The copy must match the data below line for line and contain no images.

Data segment:
=-=-=

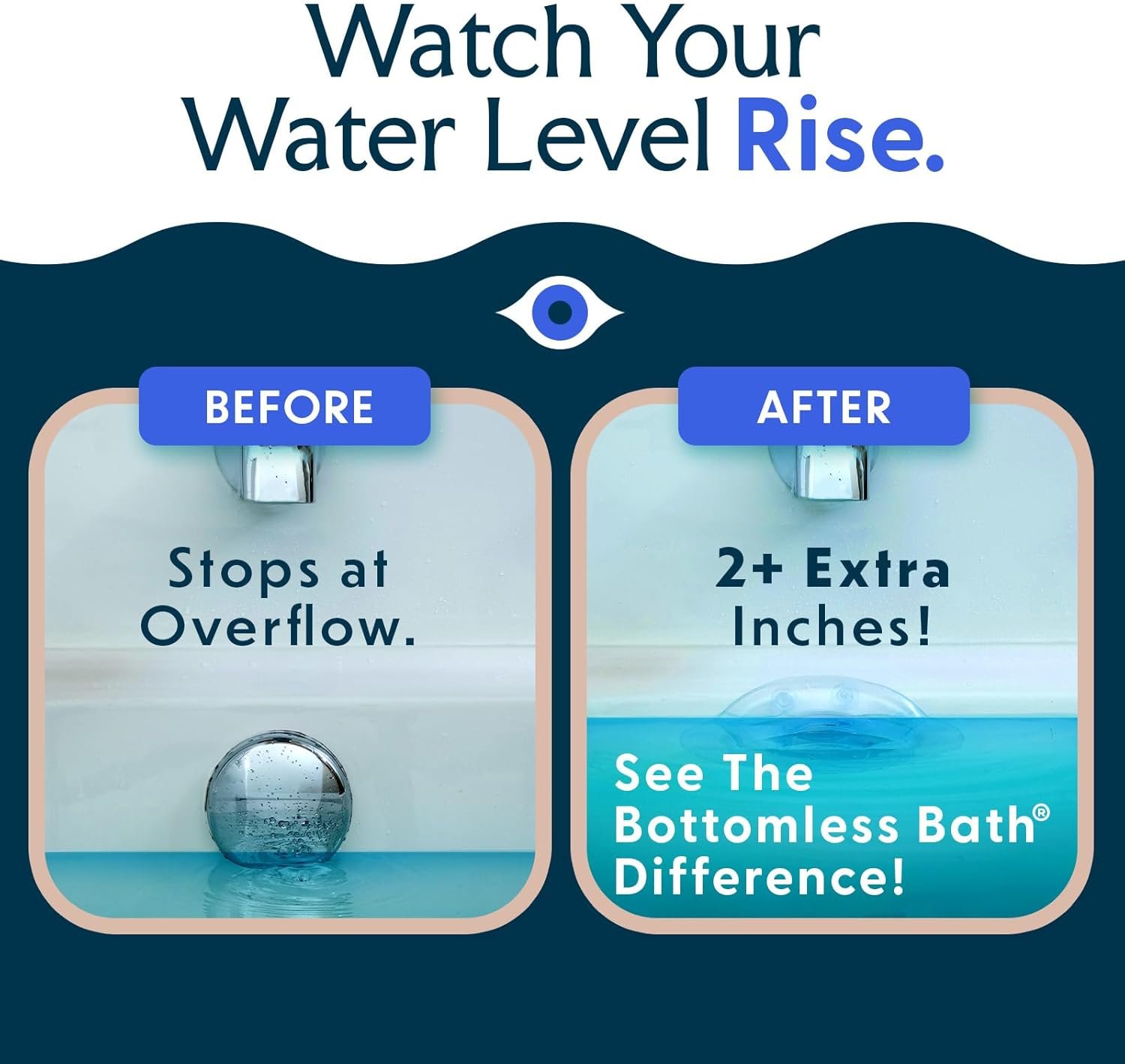 Perfect Fit for Most Drains: Measuring 4-inch inner diameter and 2 in. deep, the Bottomless Bath fits commonly found bathtub overflow drains, like toggle/trip lever, flat, or snap drain types.
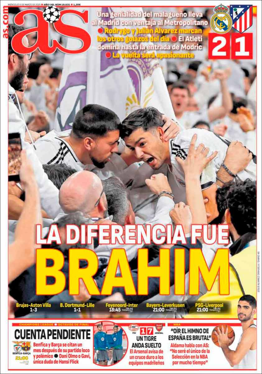 As viene a decir lo mismo que Marca, destacando a Brahim. Hermosa la foto del delantero fundiéndose en un abrazo con la grada, aunque no debería haberlo hecho porque le costó una amarilla. Dice As que “el Atleti dominó hasta la entrada de Modric”. Se ve que esos primeros 20 minutos arrolladores del Madrid los soñamos. Lo cierto es que la entrada de Modric ayudó al Madrid, dando más sentido a su juego y permitiéndole mandar en el tramo final del choque. El propio Luka tuvo la oportunidad de marcar un 3-1 que habría sido oro.
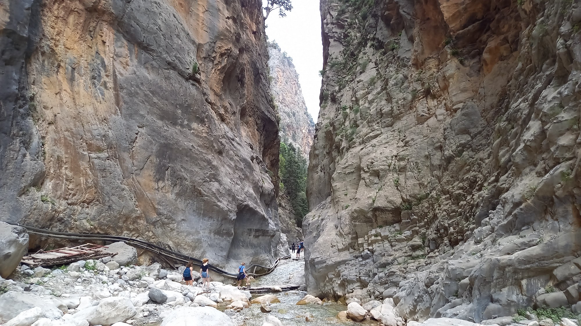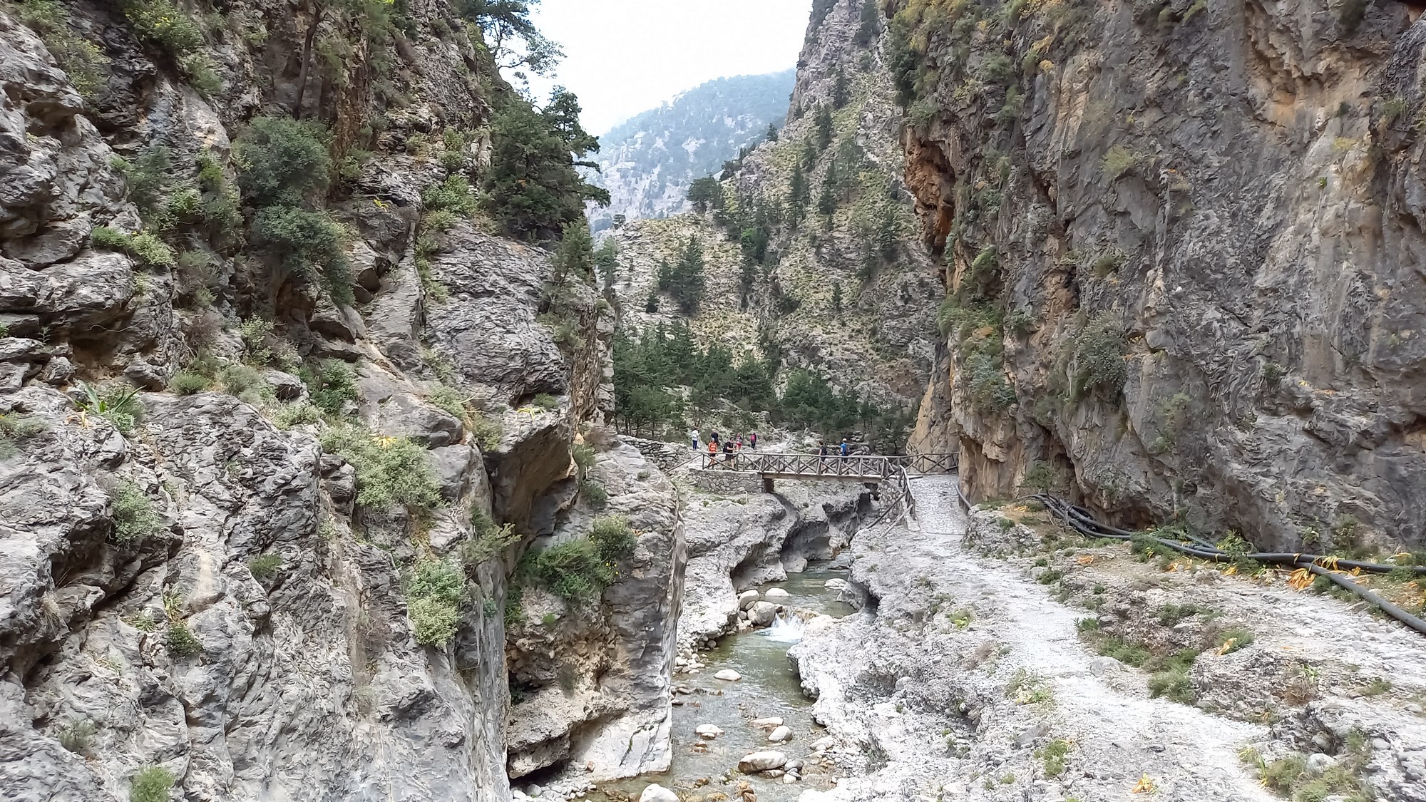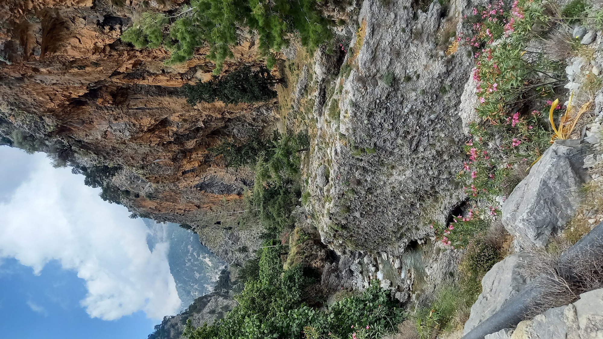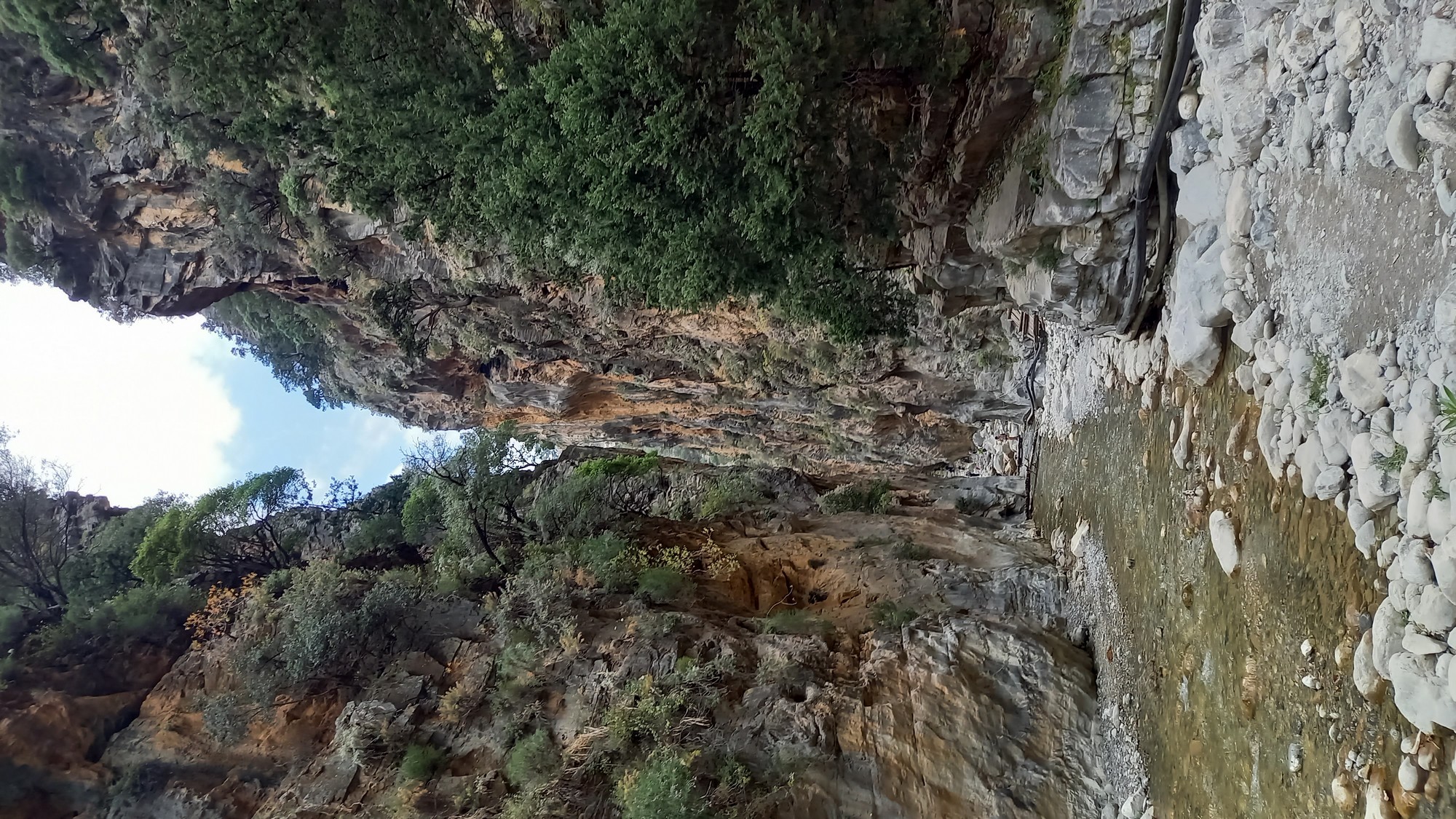 Les gorgesL'entrée du parc des gorges de Samaria se trouve à environ 1,5 km du port d'Agia Rouméli. Une navette peut y conduire. Il faut ensuite parcourir à pied environ 3 km pour accéder à la porte de fer (la partie la plus étroite des gorges : 3 ou 4 m de large pour une hauteur de 300 m).

=-=-=

Expected output:
 Perfect Fit for Most Drains: Measuring 4-inch inner diameter and 2 in. deep, the Bottomless Bath fits commonly found bathtub overflow drains, like toggle/trip lever, flat, or snap drain types.
 As viene a decir lo mismo que Marca, destacando a Brahim. Hermosa la foto del delantero fundiéndose en un abrazo con la grada, aunque no debería haberlo hecho porque le costó una amarilla. Dice As que “el Atleti dominó hasta la entrada de Modric”. Se ve que esos primeros 20 minutos arrolladores del Madrid los soñamos. Lo cierto es que la entrada de Modric ayudó al Madrid, dando más sentido a su juego y permitiéndole mandar en el tramo final del choque. El propio Luka tuvo la oportunidad de marcar un 3-1 que habría sido oro.
 Les gorgesL'entrée du parc des gorges de Samaria se trouve à environ 1,5 km du port d'Agia Rouméli. Une navette peut y conduire. Il faut ensuite parcourir à pied environ 3 km pour accéder à la porte de fer (la partie la plus étroite des gorges : 3 ou 4 m de large pour une hauteur de 300 m).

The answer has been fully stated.